I am on the threshold. Do I continue? I don't think so. The instructions said to do this practice for 40, 90 or 120 days. There was no mention of doing 1,000 days. I feel drawn to continue with a form of Laya Yoga, just not this one. Maybe Doei Shabd Kriya? I want to expand my practice with mantra back to what it used to be before with Sanskrit mantra. I just recited the mantra in the language of men (out loud), of lovers (in a whisper), and of the angels (silently). And even though it is said that angels communicate through music, I want to hear the deeper music of the Naam.
Besides, when I finished 90 days, I felt a huge release of pressure and bliss began to flow over me. By the next day, when I decided to continue on to 120 days, I felt that pressure resume. I want a break. I need a break, and this practice was begun as part of a homework assignment for Kundalini Yoga Teacher Training which was to be done only for 40 days. It is the Level 2 teachers who are to do a practice for 90 days. So I went the whole nine-yards, and now I will stop.
I need time to say the Ra Ma Da Sa every day for my Dad, who is undergoing radiation treatment for prostate cancer, and my friend Dan, who has just been released from the hospital for colon and liver cancer. He has gone home to begin eating solid foods, and he and my father could definitely use some prayers and mantras.
Tomorrow, I will give my first attunement of the year to Reiki, and I have a lot to prepare for...the apartment is still a mess, and I need to revue the history of Reiki, and Usui Mikao's background with the Mikkyo mystical sect of Tendai Buddhism, with his family's historical connections to the Samurai warriors of Japan, and his status as a Shugendo practitioner, or Shugenda. I need to review the practice of the Three Diamonds.
But my mind is wandering...off to think lustful and loving thoughts about a man with curly red hair. For the last several days, I haven't really been able to keep him off my mind. Today, however, I will be taking a page from the book's explanation and claim that practicing the Ashtang mantra as a Laya Yoga practice will, among other things, help you to let go of what is not necessary to actually get things done. I can't have my mind distracted by my schoolgirl-like crush, so I, for the first time today, decided definitively not to let it come to bear while trying to focus on preparing for the attunement tomorrow.
And now, a measure of peace, much like the peace I felt descend yesterday during and after Gurdwara, has descended. Miraculously, the painful aching lustful desire I feel has dissipated somewhat...mellowed into warm and kind thoughts of friendship with love from the heart. It seems that if I want to access the strength to bring my focus toward where it should be for now, it is much easier for me to do it now than it was before I embarked upon this practice, and also, it would appear, much easier to do than it is for some men! I have had a bit of a taste, I think, of how powerfully the lower chakras can influence the male animal to have his attention where it should not be. If that is what it feels like, then I feel a little more sympathetic toward the male animal, but I still expect them to behave themselves...as I expect myself to do so as well. This is not the time. And having made that decision brings me a measure of peace that I have not felt in weeks.

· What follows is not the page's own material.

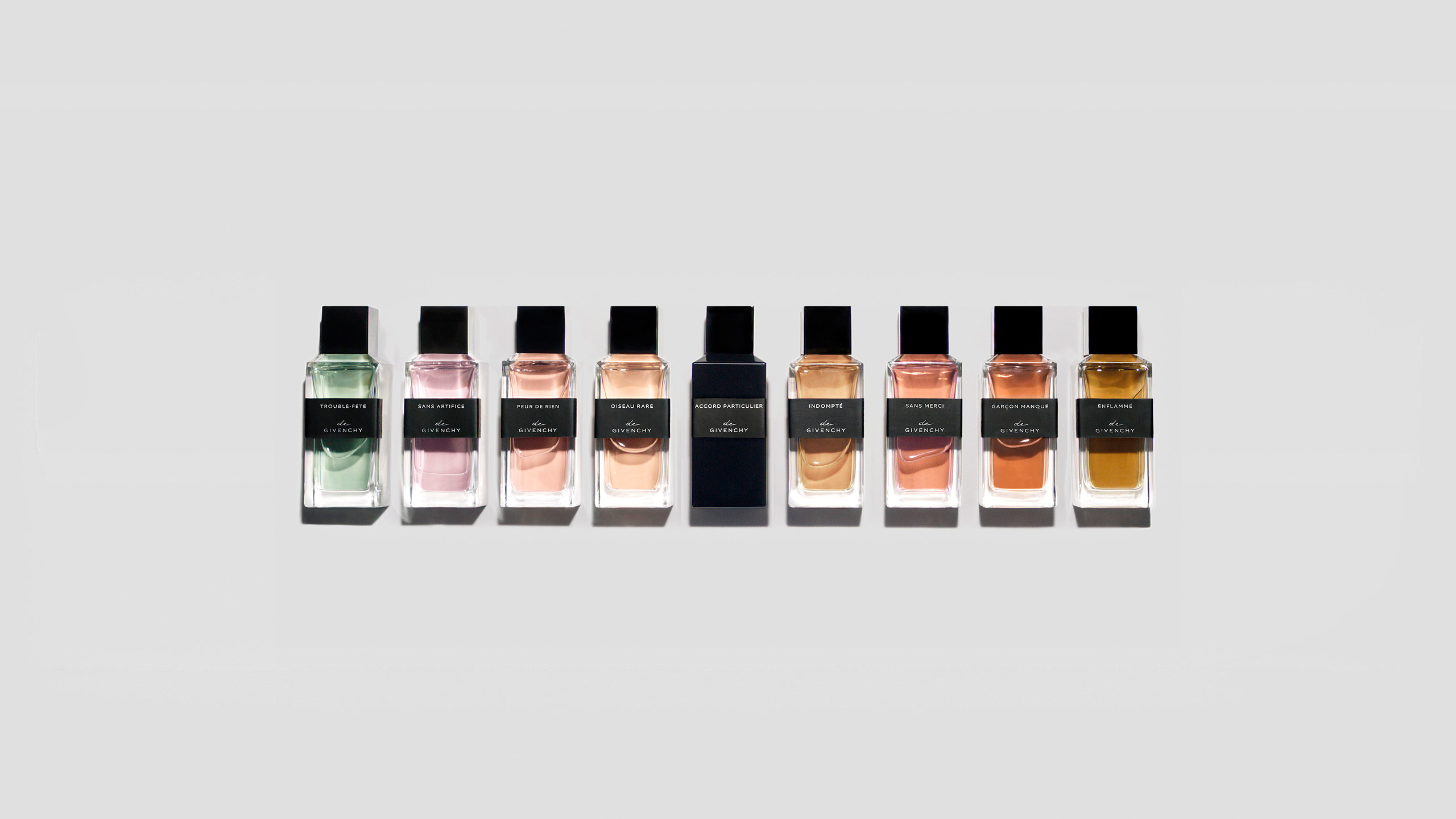 La collection particulière is a tribute to Monsieur Hubert de Givenchy and is composed of two elements: the black essence, which then blends with your chosen fragrance directly on your skin. The concept and packaging play with the gesture of combining.

I'd say this practice was a rousing, or 'arousing' success! Either way...
The ashtang mantra of Laya Yoga was a secretly guarded jewel of the ancient yogis. "This mantra opens the secret book of Laya Yoga...it is the key to the inner doors of naad...it awakens kundalini...it gives intuition and the ability to heal." It will be my practice for 40 days beginning on the birthday of my guru Sri Amritanandamayi Devi, the day before my own birthday, September 28th. This is a practice I chose as part of my KRI Teacher Training.